- Born: Abraham Markham Gelbart December 2, 1911 Paterson, New Jersey, U.S.
- Died: September 7, 1994 (aged 82)
- Education: Dalhousie University (BA) Massachusetts Institute of Technology (PhD)
- Years active: 1943–1992
- Children: 1, including Stephen Gelbart
- Relatives: Charles Fefferman (nephew)

= Abe Gelbart =

American mathematician (1911–1994)

Abraham Markham Gelbart (December 2, 1911 – September 7, 1994) was an American mathematician, the founding dean of the Belfer Graduate School of Science at Yeshiva University and the namesake of the International Research Institute for Mathematical Sciences at Bar-Ilan University in Ramat Gan, Israel.

==Biography==
Gelbart was born to a Polish immigrant family in Paterson, New Jersey. He dropped out of high school at age 14, but studied mathematics at the New York Public Library, where he came under the mentorship of Yeshiva mathematician Jekuthiel Ginsburg. Despite not having a high school diploma, he was accepted to Dalhousie University at age 23, and earned a bachelor's degree there in 1938. He did his graduate studies at the Massachusetts Institute of Technology, earning a doctorate in 1940 under the supervision of Norbert Wiener.

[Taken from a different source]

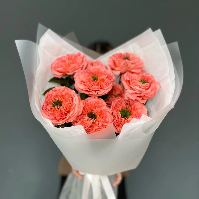 ГлавнаяКаталогРозыБукет пионовидная роза мандарин 9шт
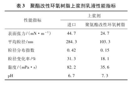 所制備的聚酯改性環(huán)氧樹(shù)脂上漿劑在核磁共振譜圖的1.6×10-6、3.8×10-6、4.8×10-6、6.8×10-6、7.2×10-6處,紅外光譜在3 309 cm-1、2 971/2 870cm-1、1 600 cm-1、1 721 cm-1以及1 103 cm-1等處出現(xiàn)甲基、苯環(huán)、聚酯、聚醚的特征吸收峰,表明結(jié)構(gòu)中存在聚酯多元醇、雙酚A聚醚陰離子表面活性劑等組分。雙酚A聚醚陰離子表面活性劑具有優(yōu)異的乳化性能和極低的浸潤(rùn)性能,在和聚酯多元醇配合的情況下,可顯著降低上漿劑乳液的表面張力,提高上漿效率,增強(qiáng)上漿均勻性和穩(wěn)定性。

After taking non-tenure-track positions at North Carolina State College, Brown University, and NASA's Langley Research Center, Gelbart took a faculty position at Syracuse University in 1943. He remained there until 1958, when he moved to Yeshiva, taking the position and the editorship of Scripta Mathematica both formerly held by his mentor Ginsburg. He retired from Yeshiva in 1979, and took a position as Distinguished Professor at Bard College, where he remained until 1992. He was also a trustee of Bar-Ilan university. His doctoral students include Robert Finn. Gelbart died from complications following cardiovascular surgery.

==Mathematics==
With Lipman Bers, Gelbart founded the theory of pseudoanalytic functions in fluid dynamics.

==Awards and honors==
Gelbart was given an honorary doctorate by Dalhousie University in 1972, and by Bar-Ilan University in 1985. In 1981, Bard College gave him the Bard Medal.

==Personal life==
Gelbart is the father of Stephen Gelbart, also a noted mathematician. He is also the uncle of mathematician Charles Fefferman.